We all know that obesity is increasingly a problem for our youth. And certainly the families with whom we work are not immune to the challenges of nutrition and activity in our society right now.
When families ask about this issue, we talk about with families about what else is going on for the child.
How is she (or he) doing in school?
What is her social life like?
How does she cope with difficult or challenging situations?
Is she able to express and cope with emotions in an age appropriate manner?
Sometimes, the weight issue is merely the canary in the mine. Children, like any of us, may be use food to cope with difficult emotions or struggle to get proper nutrition in a busy world. Teens with ADHD or other executive functioning issues may have challenges with proper nutrition as they can struggle to manage timely or balanced meals– for example, allowing themselves to become ravenously hungry and then overeating. We especially become concerned when kids have a poor self image which may impact their involvement with friends or activities they once enjoyed. We want young people (and all people!) to feel good about themselves and have positive relationships with their bodies, regardless of weight.
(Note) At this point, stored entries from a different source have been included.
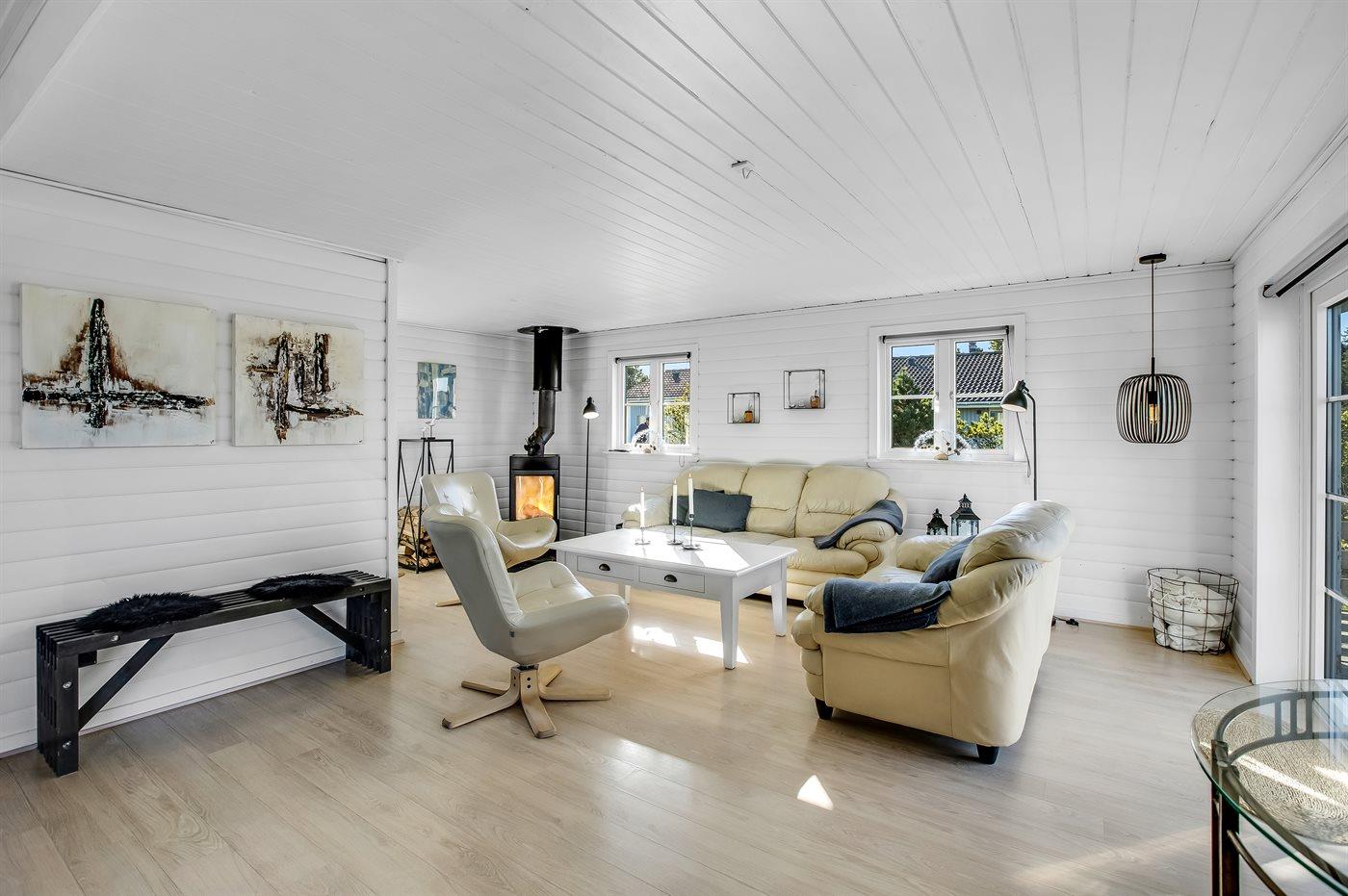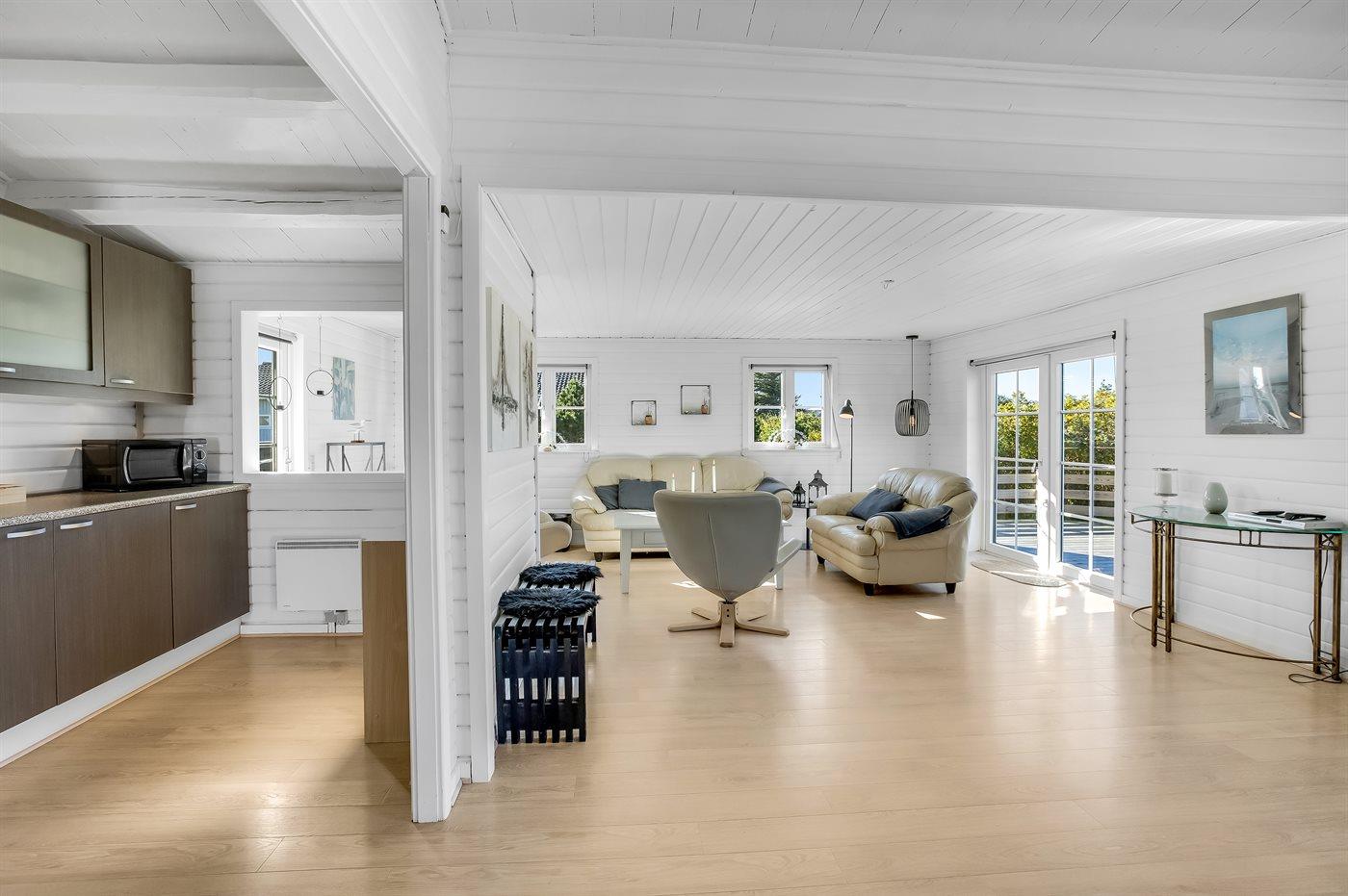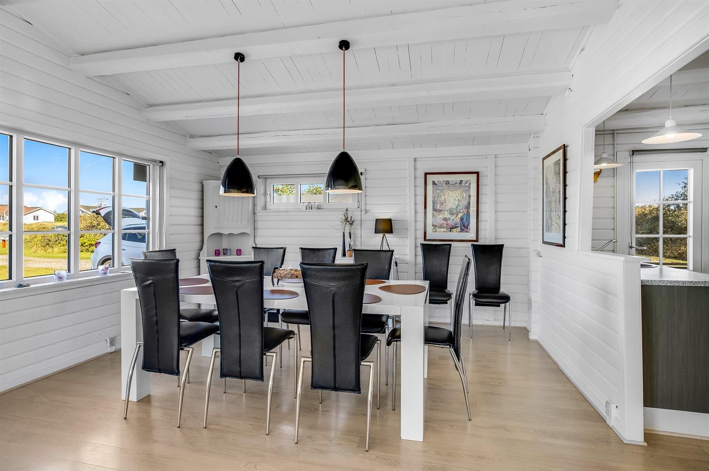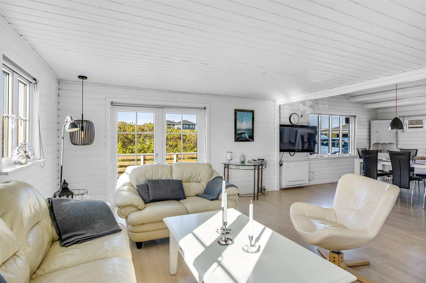 Kun 500 m fra den dejlige strand finder I dette flotte sommerhus. Huset er omgivet af et dejligt, stort og delvist overdækket terrasseareal med havemøbler.
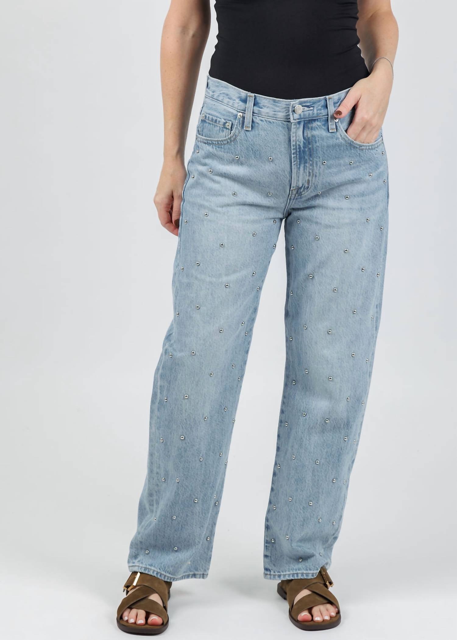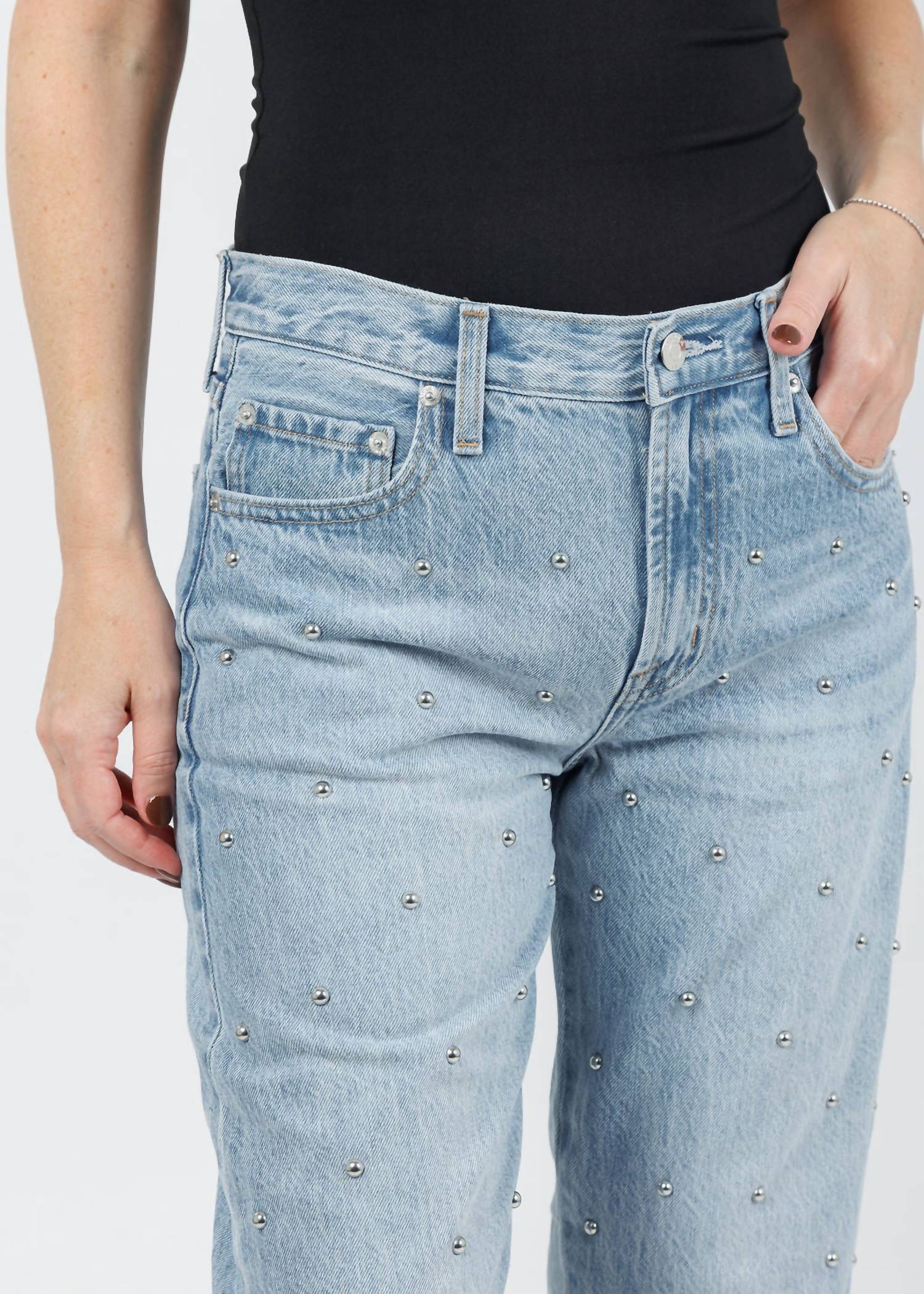 These must-have jeans are fit to perfection. Introducing the PISTOLA Lexi Mid Rise Bowed Straight Jeans in Aries, crafted from 100% cotton for a comfortable and stylish fit. These jeans feature a flattering mid-rise waist and a unique bowed leg silhouette that enhances your natural shape with a modern twist. The jeans come in a cropped ankle length with a clean hem, perfect for showcasing your favorite footwear, and include a zip fly with button closure for secure wear. Designed with a 10" rise, 29" inseam, and 17.5" leg opening, the jeans incorporate a 5-pocket design and silver-tone studded accents at the front, making them ideal for a stylish and versatile wardrobe addition.
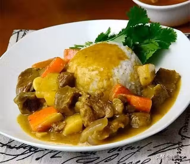 10、蒸好的米飯裝盤,澆上咖喱牛肉菜即可。
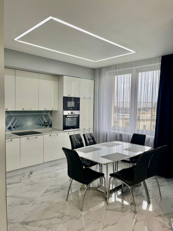 Квартира полностью укомплектована всем необходимым для комфортного проживания: холодильник, варочная панель, духовой шкаф, микроволновка, посудомоечная машина, стиральная машина, кондиционер, телевизор.
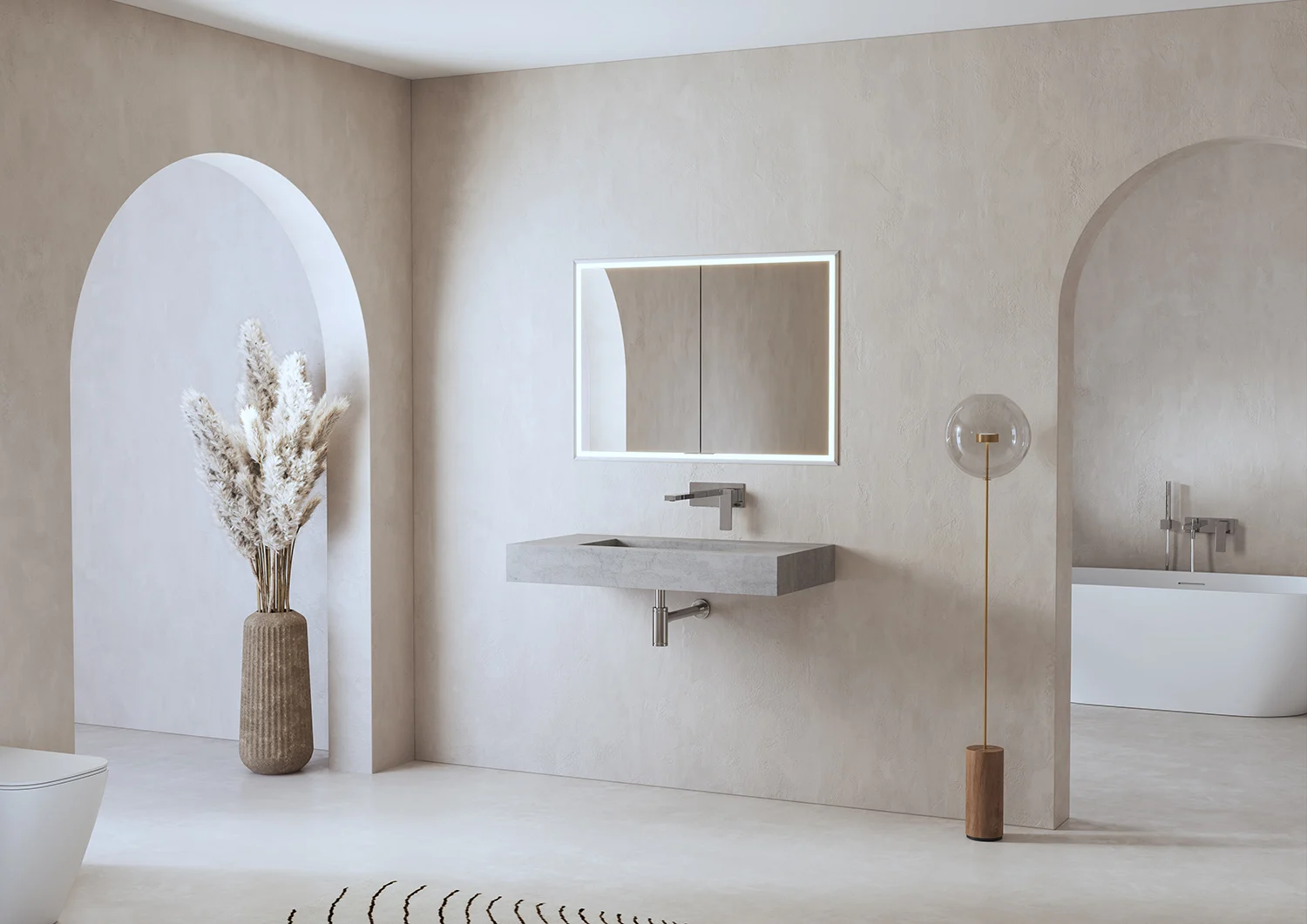 - 4 stufenlos verstellbare Glasablagen bieten ausreichend Platz zur Aufbewahrung von Badutensilien.
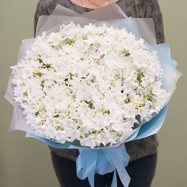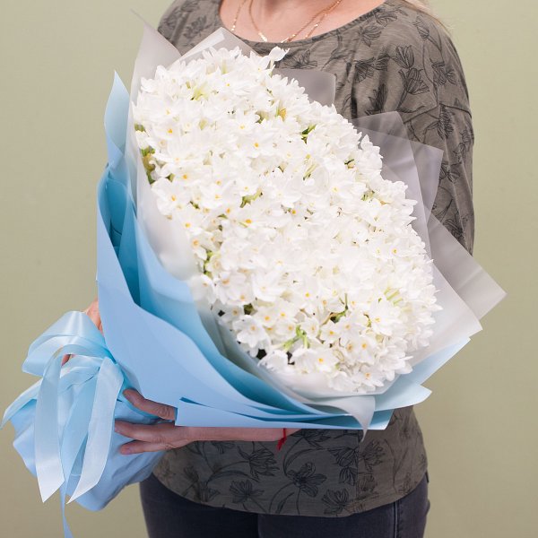 Букет из белых кустовых нарциссов с приятным ароматом в дизайнерской упаковке.
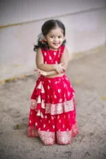 Tailored with a focus on comfort and movement, our garments are designed to ensure ease of wear for girls of all ages. Whether it’s a playful frock for a casual day, a Pattu Pavadai for festive occasions, or a Half Saree for a cultural event, our collection ensures that your little one looks graceful while feeling comfortable throughout the day.
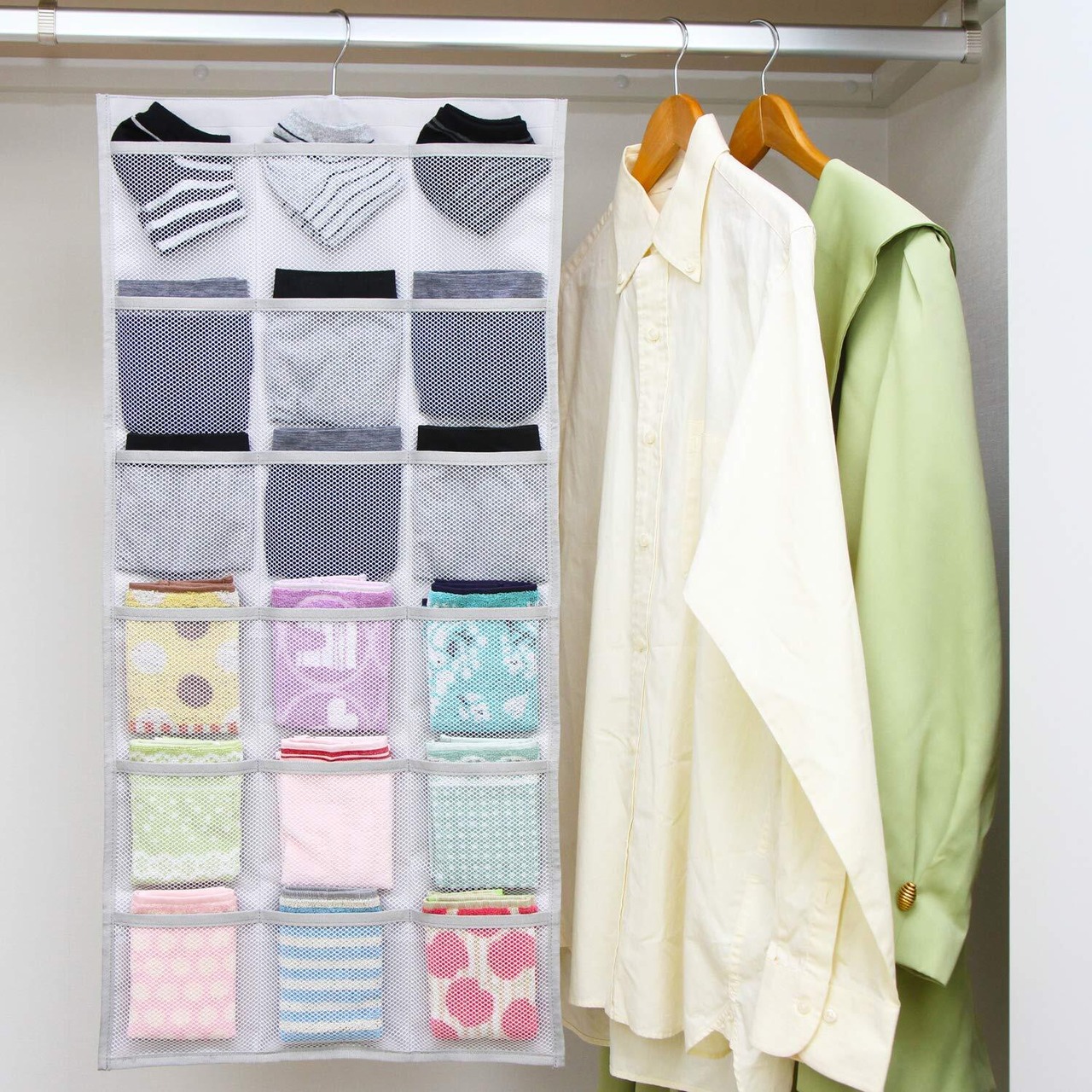 【スペースを有効活用】:ポケット部分はメッシュ生地で通気性が良く、スリムなのでクローゼットの隙間にも吊り下げられる。
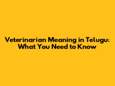 Veterinarian Meaning In Telugu: What You Need To Know
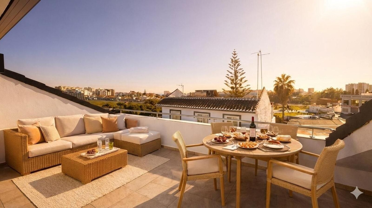 Penthouse in La Calerita, Fuengirola – 3 Bedrooms and 3 Bathrooms DOES NOT INCLUDE GARAGE AND STORAGE ROOM Discover this exclusive penthouse, designed with top-quality finishes to provide maximum comfort. Enjoy excellent acoustic insulation in walls and ceilings, underfloor heating in the main bathroom, and an efficient aerothermal system. In addition, the building holds an A energy efficiency certificate, ensuring sustainability and energy savings. Fully fitted kitchens, window shutters, and pre-installation for electric vehicle charging in accordance with current regulations. Strategic Location in Fuengirola – La Calerita Area The Real Building is located in a privileged setting, with quick access to all services and key points of interest: ✔ Less than 2 minutes from the motorway, ensuring easy connection to the entire Costa del Sol. ✔ Just a 3-minute walk from the Fairground, the hub of events and activities. ✔ Schools and secondary schools within walking distance, providing a convenient and accessible educational environment. ✔ La Loma Park nearby, ideal for walks and leisure time. ✔ Beach less than 10 minutes away, allowing you to enjoy the sea whenever you wish. Fuengirola is an ideal location for those seeking a family-friendly and peaceful environment, while still enjoying a wide range of leisure, sports, and dining options on the heart of the Costa del Sol. AI-generated decorative images (*) Prices do not include VAT (10%). Subject to change without prior notice.

A child will likely need extra help when his or her happiness and well-being are compromised.
A child will likely need extra help when his or her happiness and well-being are compromised. This is an area in which I have seen great success with outdoor behavioral health programs, e.g wilderness therapy or therapeutic wilderness programs. (Note: I highly recommend families to engage with an educational consultant before placing their child in such a program to set the child up for the highest quality experience possible).
Interestingly, in my experience, kids who are underweight will put on healthy pounds in the right outdoor program, and those who need to lose weight also do so at a safe rate. Although these programs are not designed as weight loss (or gain) settings, students almost universally emerge stronger, fitter, and more confident. I had a teenage client recently who lost between 15-20 lbs. This young man felt very good about his physical abilities upon program completion, and his experience laid the groundwork for a more active lifestyle on his graduation. He knew he was stronger and wanted to keep that going, and he also felt more confident in his abilities — and empowered with respect to weaknesses– when exercising, especially in group settings.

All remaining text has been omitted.